Lots of people were still struggling on how to understand and how to implement the glycemic index (GI) chart even though they know already the benefits of using it. The numbers, categories and the listings are so complex. Another way to determine the GI varies on how the food was ranked, grown, harvested, cooked or prepared and how your body responds to it.

There were some contradictions on finding the GI. They say that it is not sufficient for a person to eat 50 grams of food. Thus, this theory has no connection on the possible effects of foods high in carbohydrates on the blood sugar from those that have low carbohydrates.

Luckily, nutritionists have found a solution to find the Glycemic Load by utilizing the computation and they realize that when a person who consumed carbohydrates has considerations and not all carbohydrates have fiber, they only have energy. The glycemic load must be used together with the GI because it shows the intake of food and how it combines to others. To compute for the glycemic load, divide the GI by 100 then multiply it with the amount carbohydrates in grams.

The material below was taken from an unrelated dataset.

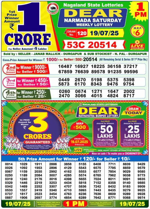 RESULT DEAR NARMADA SATURDAY WEEKLY LOTTERY 19.07.2025 Leave a Comment on RESULT DEAR NARMADA SATURDAY WEEKLY LOTTERY 19.07.2025 Share: XFacebookPinterestRedditVKDiggLinkedinMix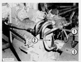 5. Remove bolts (1), locks (2) and retainer (3) to remove the accessory drive housing (4) and fuel filter base from the engine as a unit.

Foods that have a glycemic load of 20 and above is high, then medium if is at 11-19 and below 10 is low. An example of this is a watermelon that has a GI of 72. We must know that for every 120 gram serving, 6 grams per serving is allotted for carbohydrates. To compute, we must divide 72 by 100 then multiplied by 6 will result to 4.32 then rounded down to 4. You noticed that even if the watermelon’s GI is high, its glycemic load is lower.

Glycemic load and GI could effectively teach you how what to eat to maintain normal blood sugar and help to lose weight. Here’s an appropriate sample, one scoop of ice has a lower GI and load than a bowl of Cheerios despite of its carbohydrate, fat and protein content. More and more people have found it very effective to lose weight and stabilizing their blood sugar.

Need more information about glycemic load check out the site about glycemic index list.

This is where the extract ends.